Objective: To estimate whether higher-dose anticoagulation (therapeutic or intermediate) improves 28-day all-cause mortality compared with lower-dose anticoagulation (prophylactic or intermediate), and to evaluate secondary outcomes, including progression to mechanical ventilation, thromboembolic events, and major bleeding.

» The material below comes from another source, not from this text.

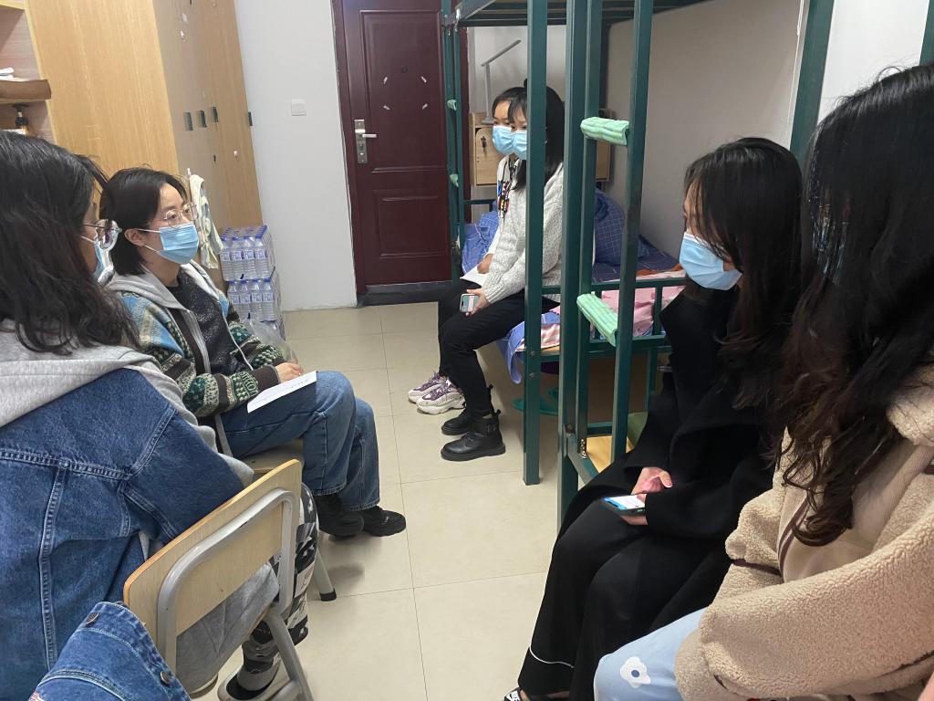 众志成城、共克时艰、人人有责。经过前期商讨和研究,公司以员工情绪安全稳定为重点,以成立应急志愿者专班等工作为抓手开展相关工作,确保住楼相关工作平稳顺利:一是紧急成立公寓封闭管理微信通知群,传达公司相关要求和消息,做好疫情通报和防疫工作安排,希望同学们不要恐慌,平稳员工情绪。二是成立志愿者服务专班,负责餐、水等物资发放及分配等工作,叮嘱志愿者提高消毒意识和科学佩戴口罩等工作细节,做好楼层间纵向转运和楼层内横向分配,确保精准配送到人。三是发挥党员先锋模范作用,成立公寓党员抗疫先锋队,要求党员同志提高政治觉悟、发扬奉献精神,在疫情关键时刻站出来,做好公寓楼同学发烧、隔离等突发事件的协调处置及后期核酸检测等工作的预案,切实履行党员职责和义务。四是开展辅导员走寝,摸清公寓楼在楼人数和隔离、治疗等同学底数,做好配餐的实时统计,重点就少数民族同学和就医同学人群进行分类统计,畅通员工与辅导员的沟通渠道,做到工作精心,员工暖心。五是根据公寓封闭的实际情况,进行安全防火大检查,对防火通道相关堆积物品、寝室电线较乱等情况进行整改,做好相关同学的解释工作,确保公寓安全稳定。

Methods: This prospective meta-analysis included randomized trials comparing higher- versus lower-dose anticoagulation for hospitalized COVID-19 patients. Investigators collected trial-level summary data, focusing primarily on heparins. Dosing categories—therapeutic, intermediate, and prophylactic—were predefined. The main outcome was 28-day mortality; secondary outcomes included progression to invasive mechanical ventilation (IMV), venous or arterial thrombotic events, and major hemorrhage. Data were analyzed using a fixed-effects model, with odds ratios (ORs) pooled across trials.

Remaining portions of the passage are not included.